ASLAN: It had less to do with anything Jesus himself said or did, though his words and actions were extraordinary, than it did with what his followers claimed about him after his death....A crucified messiah is no longer the messiah. So the followers of Jesus should have done what the followers of every other failed messiah did, which is to go home. But they didn’t. Spurred by this mystical experience of the risen Jesus, they stayed in Jerusalem. They continued preaching Jesus as the messiah, and they began to redefine what messiah means, to divorce the concept of messiah from its Jewish roots and to transform it into a kind of Hellenistic notion of a god-man.
IDEAS: How does your book change our understanding of Jesus or Christianity itself?
ASLAN: I don’t think it does. The core belief of Christianity is that he was both God and man. And if he was also a man, then he must be seen in the context of his time. That doesn’t make him any less a divine figure if you’re a person of faith.
IDEAS: There are a lot of versions of Jesus throughout history, it seems.
ASLAN: In the 1980s with liberation theology in Latin America, Jesus was transformed into a revolutionary figure who takes up arms against the powers that be. Under the current situation in the US, the prosperity gospel preached by what I call charlatans like Joel Osteen and T.D. Jakes, there’s this notion that Jesus wants you drive a Bentley. The Christ of faith is malleable and can be reinterpreted over and over again for all time and for all people. The Jesus of history lived a very brief time and in a very specific time and place.
IDEAS: Is the Jesus that people discuss and worship today a figment of historical politics—or even good religious marketing, as cynics like to say?

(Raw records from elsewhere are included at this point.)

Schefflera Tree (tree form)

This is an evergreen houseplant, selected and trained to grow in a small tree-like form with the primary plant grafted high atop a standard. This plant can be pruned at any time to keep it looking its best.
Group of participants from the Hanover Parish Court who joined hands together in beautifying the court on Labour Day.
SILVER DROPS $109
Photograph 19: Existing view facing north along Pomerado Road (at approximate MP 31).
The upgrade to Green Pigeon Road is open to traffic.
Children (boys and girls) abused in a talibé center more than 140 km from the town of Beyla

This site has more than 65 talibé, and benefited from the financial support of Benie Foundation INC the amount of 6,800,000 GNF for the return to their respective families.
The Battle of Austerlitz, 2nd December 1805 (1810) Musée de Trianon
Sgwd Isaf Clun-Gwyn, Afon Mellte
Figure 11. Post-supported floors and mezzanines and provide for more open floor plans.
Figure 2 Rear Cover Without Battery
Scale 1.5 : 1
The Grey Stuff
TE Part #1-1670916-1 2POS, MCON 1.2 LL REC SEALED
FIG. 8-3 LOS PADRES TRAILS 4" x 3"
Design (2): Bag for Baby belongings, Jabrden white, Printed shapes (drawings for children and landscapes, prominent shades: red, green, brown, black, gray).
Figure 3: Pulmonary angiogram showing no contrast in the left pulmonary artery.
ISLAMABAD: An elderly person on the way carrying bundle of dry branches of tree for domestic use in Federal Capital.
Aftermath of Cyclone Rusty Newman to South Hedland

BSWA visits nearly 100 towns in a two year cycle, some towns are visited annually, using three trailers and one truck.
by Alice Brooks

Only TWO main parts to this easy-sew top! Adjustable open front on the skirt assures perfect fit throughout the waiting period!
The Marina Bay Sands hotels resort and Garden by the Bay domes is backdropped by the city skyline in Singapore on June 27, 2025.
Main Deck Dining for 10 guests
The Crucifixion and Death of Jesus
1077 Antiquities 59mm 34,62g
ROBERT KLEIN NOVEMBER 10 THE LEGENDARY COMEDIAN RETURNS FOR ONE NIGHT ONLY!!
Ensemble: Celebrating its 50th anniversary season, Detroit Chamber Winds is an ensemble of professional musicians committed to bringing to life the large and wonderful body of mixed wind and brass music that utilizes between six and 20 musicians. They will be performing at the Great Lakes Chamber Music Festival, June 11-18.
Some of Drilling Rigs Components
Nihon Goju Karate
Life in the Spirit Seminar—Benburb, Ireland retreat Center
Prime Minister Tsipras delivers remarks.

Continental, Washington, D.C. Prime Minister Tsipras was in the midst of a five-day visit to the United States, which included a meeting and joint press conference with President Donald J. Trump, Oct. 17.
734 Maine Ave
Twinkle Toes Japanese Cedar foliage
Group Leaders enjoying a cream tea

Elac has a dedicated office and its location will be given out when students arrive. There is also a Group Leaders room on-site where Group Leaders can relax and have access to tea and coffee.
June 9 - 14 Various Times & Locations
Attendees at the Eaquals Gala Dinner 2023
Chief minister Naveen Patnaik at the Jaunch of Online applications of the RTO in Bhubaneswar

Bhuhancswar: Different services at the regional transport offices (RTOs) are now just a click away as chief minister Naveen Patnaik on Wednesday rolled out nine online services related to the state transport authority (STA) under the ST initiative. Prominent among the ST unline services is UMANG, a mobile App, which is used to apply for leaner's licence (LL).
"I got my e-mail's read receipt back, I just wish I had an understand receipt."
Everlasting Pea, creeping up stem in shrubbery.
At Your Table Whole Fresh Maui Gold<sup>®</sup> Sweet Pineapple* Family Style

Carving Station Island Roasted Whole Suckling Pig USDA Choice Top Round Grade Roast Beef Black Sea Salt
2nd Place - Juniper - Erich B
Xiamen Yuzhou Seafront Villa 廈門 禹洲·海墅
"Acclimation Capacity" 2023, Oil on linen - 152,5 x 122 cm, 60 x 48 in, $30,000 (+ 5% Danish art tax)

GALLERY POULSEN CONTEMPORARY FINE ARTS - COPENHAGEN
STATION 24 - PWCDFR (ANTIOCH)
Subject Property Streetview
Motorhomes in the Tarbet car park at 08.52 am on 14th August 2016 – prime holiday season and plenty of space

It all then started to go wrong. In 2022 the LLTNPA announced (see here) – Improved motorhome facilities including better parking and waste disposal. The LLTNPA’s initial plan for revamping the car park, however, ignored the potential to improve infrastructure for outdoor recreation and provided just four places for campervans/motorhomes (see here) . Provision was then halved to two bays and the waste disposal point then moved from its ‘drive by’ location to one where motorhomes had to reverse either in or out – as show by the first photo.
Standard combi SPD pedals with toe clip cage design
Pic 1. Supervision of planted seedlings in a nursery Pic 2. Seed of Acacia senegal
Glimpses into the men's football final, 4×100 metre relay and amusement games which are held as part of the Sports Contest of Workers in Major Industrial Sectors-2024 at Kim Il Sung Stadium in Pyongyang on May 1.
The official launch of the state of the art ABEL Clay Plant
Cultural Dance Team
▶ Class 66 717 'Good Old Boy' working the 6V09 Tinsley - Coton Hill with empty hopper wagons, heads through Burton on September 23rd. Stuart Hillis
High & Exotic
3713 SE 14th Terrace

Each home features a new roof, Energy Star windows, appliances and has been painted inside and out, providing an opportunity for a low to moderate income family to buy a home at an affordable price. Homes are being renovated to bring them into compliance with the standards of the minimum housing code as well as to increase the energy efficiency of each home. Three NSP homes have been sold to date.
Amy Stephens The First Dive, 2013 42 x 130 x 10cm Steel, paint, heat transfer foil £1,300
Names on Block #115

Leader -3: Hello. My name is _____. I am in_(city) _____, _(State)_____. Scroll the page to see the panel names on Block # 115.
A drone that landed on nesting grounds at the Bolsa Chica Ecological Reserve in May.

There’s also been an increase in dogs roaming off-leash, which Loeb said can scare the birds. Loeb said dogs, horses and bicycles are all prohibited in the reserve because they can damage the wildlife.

ASLAN: It’s not about propaganda or lies or inventions that were spread by Jesus’ early followers that have duped millions of people into thinking that this man is God. What we refer to as history, the accumulation of empirically verifiable facts and events, would make no sense to the ancient mind. History was not about discovering facts, but revealing truths. The gospel writers who wrote about Jesus were not eyewitnesses to what they were writing about. They were making a theological argument about a man they had already decided was Christ.
IDEAS: You end by saying Jesus is someone worth believing in. You’re a Muslim. I was curious about what you mean.
ASLAN: I believe you can be a follower of Jesus without being a Christian, just like you can be a Christian without being a follower of Jesus. The example set by this man 2,000 years ago is as compelling today in the social environment we currently live in as it was in first-century Palestine.
Reza Aslan is speaking at the Boston Public Library on Sept. 26. Michael Fitzgerald is a freelance writer in Cambridge.